What is the role of a therapist?

Updated: Apr 13, 2019



Have you ever thought about doing something and decided against it as you thought it wasn't for you? How many times have you then been proved wrong or realised it wasn't as bad as you thought it was going to be? I've had this conversation with new clients and existing clients many times; "oh it's not as bad as I thought" or "I thought you were just going to tell me what to do" have been a number of responses I've had.

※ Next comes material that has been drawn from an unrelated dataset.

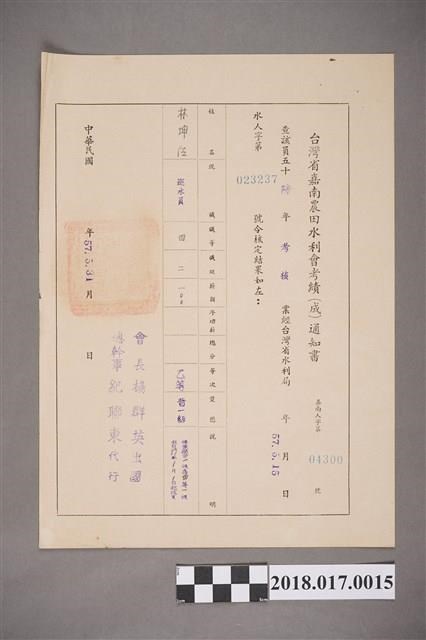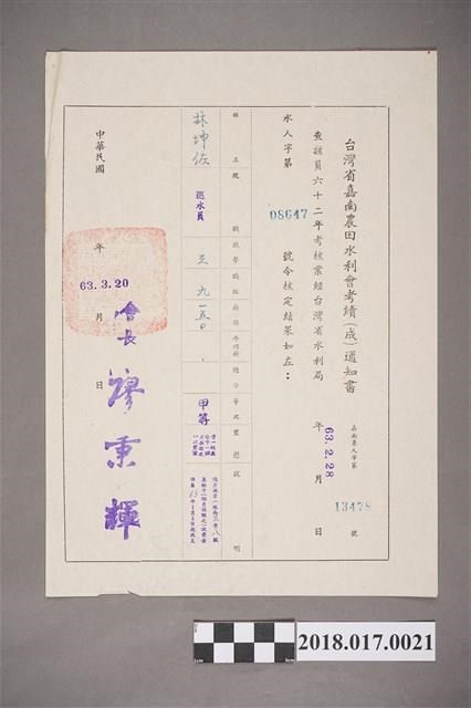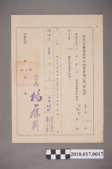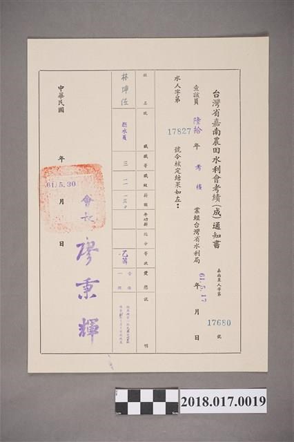 1967年臺灣省嘉南農田水利會發予林坤佐考績通知書 -
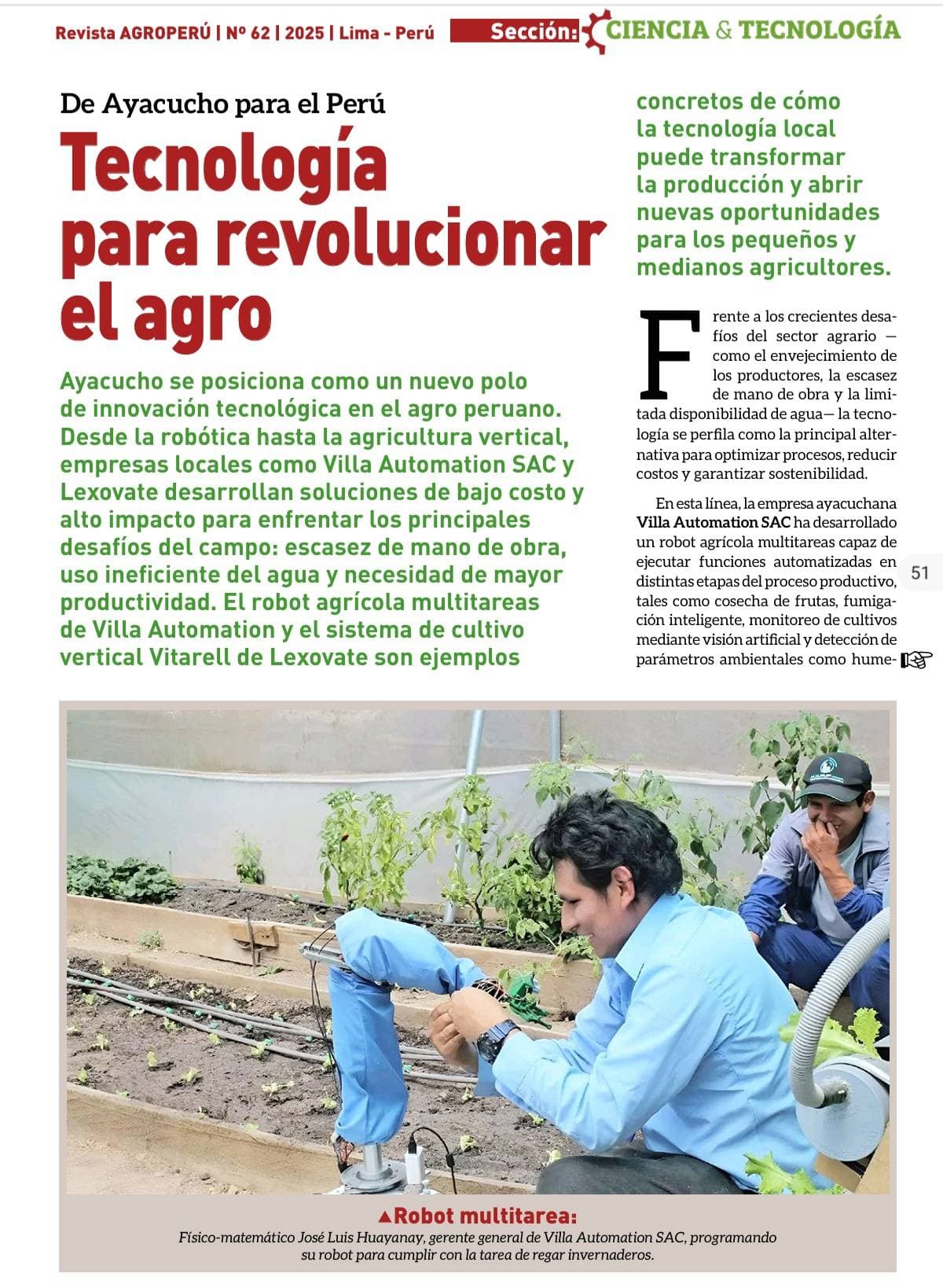 El trabajo de Villa Automation SAC ha sido destacado a nivel nacional en la Revista AGROPERÚ – Sección Ciencia & Tecnología (Edición 2025), como un ejemplo de cómo la tecnología desarrollada en regiones puede transformar el agro peruano y generar nuevas oportunidades para pequeños y medianos productores. La publicación resalta el desarrollo de un robot agrícola multitarea, creado en Ayacucho, capaz de ejecutar procesos automatizados como riego inteligente, fumigación, monitoreo de cultivos y detección de variables ambientales, integrando robótica, control automático e inteligencia artificial.

Misconceptions can often be common in therapy due to what you see on TV, hear from someone that had a bad experience or learn from loved ones even though they may never have been to a session before. Below are some common misconceptions I've encountered and how I would answer them for any client:


  • Therapists are only interested in my childhood - some therapists work in a way that looks at how childhood experiences have shaped who you are today and that can sometimes be helpful. In REBT we acknowledge that the past has happened but how you feel about it today is the most important factor as this impacts your current unhealthy beliefs

  • Is it all my fault? - we are responsible for how we each think, feel and act; good or bad. Whilst certain situations may not be your fault we look at the part each person plays in it and was it emotionally healthy

  • Am I allowed to feel this way? - I accept bad things happen to good people. Is it fair? no, and you're allowed to feel upset, hurt or angry. However, do you want to feel that way forever? Is it impacting you from getting on with life?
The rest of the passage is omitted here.